Ist das Vorgehen soweit OK?

Oder sollte ich den Kopf eh runternehmen?

Ich hatte bislang keinen Kühlwasserverlust und auch keinen Schaum im Öl. Die Ventildeckelbelüftung hat bei Betriebstemperatur etwas gedampft, wirkte aber nicht dramatisch...
 
Ich Glaube das das slechte starten auch fur ein teil verorsacht wurde durch ein verschlissenes stuerungskette.

und wenn sie der motor soweit offen habt ist das vielleicht nicht soein grosse muhe die zu erneueren?

Gruss, Bert
 
Mach mal den Kompressionstest, dann sehen wir weiter.

Meine Prognose: die Werte vom Kompressionstest werden nicht überzeugend sein. Aber schauen wir erst mal.

Wenn Kompression schlecht, zusätzlich Druckverlusttest durchführen und gucken, wo die Luft entweicht. Bei meinem 3-Zylinder hauptsächlich durch den Auspuff - Die Ventile sahen furchbar aus. Die Zylinder waren aber so stark eingelaufen, dass es auch ohne kritischen Druckverlust keine Schande war, gleich alles neu zu machen.

Gruß Christian

Mein Fergy: MF 35 BJ64 SNMY 373 xxx
 
Hallo DX-Zwo,

bevor Du den Motor öffnest, sollte geklärt werden was Du mit dem Trecker vor hast.

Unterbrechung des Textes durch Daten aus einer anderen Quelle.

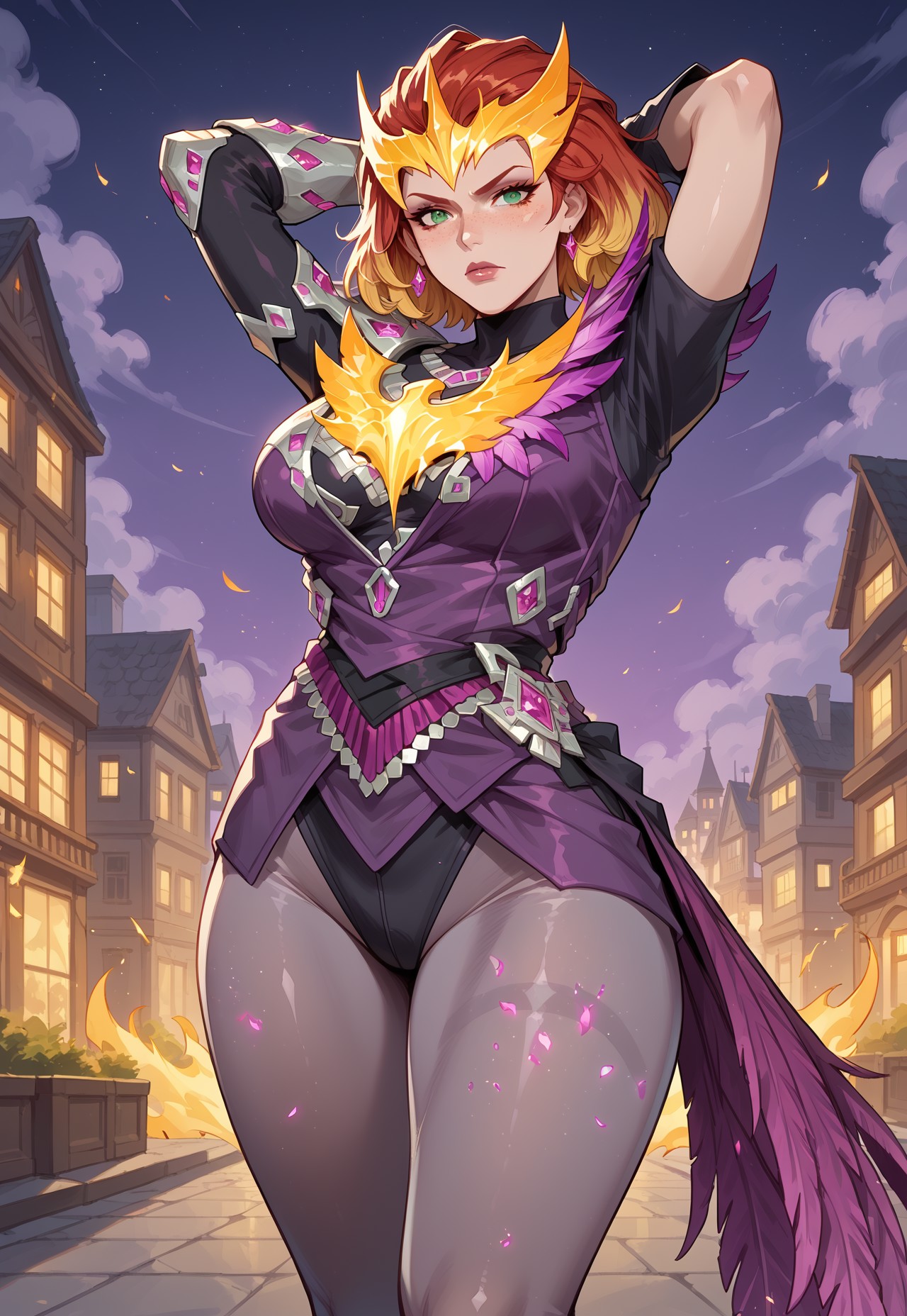Chaos_Phoenix, two tone hair, red hair, yellow hair, medium hair, green eyes, freckles, curvy, black leotard, purple jacket, one side down jacket, purple feathers, long feathers, phoenix emblem, emblem on chest, glowing emblem, golden crown, single arm armor, grey armor, purple crystals armor, black gloves, fingerless glove, purple pantyhose, glitter pantyhose, black boots,

Jetzt Ventile einstellen und Kompression prüfen, wobei die Düsen auch gleich abgedrückt werden sollten, wäre kein großer Aufwand.

Sollten die Kaltstartprobleme durch fehlende Kompression bestehen, wäre dann eine komplette Überholung sinnvoll.

Bei einer geringen Nutzung, könnte man auch mit Startpilot ein öffnen hinauszögern. (es wird wohl gleich davor gewarnt, aber ich habe zufriedenstellende Erfahrung damit)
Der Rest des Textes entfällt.